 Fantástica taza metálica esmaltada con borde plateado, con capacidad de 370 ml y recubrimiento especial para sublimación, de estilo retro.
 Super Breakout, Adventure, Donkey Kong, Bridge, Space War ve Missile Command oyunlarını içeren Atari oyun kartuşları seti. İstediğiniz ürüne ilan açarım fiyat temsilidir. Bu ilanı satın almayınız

...

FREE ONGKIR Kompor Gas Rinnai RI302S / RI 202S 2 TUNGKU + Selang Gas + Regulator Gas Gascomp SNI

### Task description:
Please reproduce, exactly as they appear above, the lines from the line containing "Fantástica taza metálica" up to and including the line containing "Super Breakout, Adventure, Donkey".

### Task output:
 Fantástica taza metálica esmaltada con borde plateado, con capacidad de 370 ml y recubrimiento especial para sublimación, de estilo retro.
 Super Breakout, Adventure, Donkey Kong, Bridge, Space War ve Missile Command oyunlarını içeren Atari oyun kartuşları seti. İstediğiniz ürüne ilan açarım fiyat temsilidir. Bu ilanı satın almayınız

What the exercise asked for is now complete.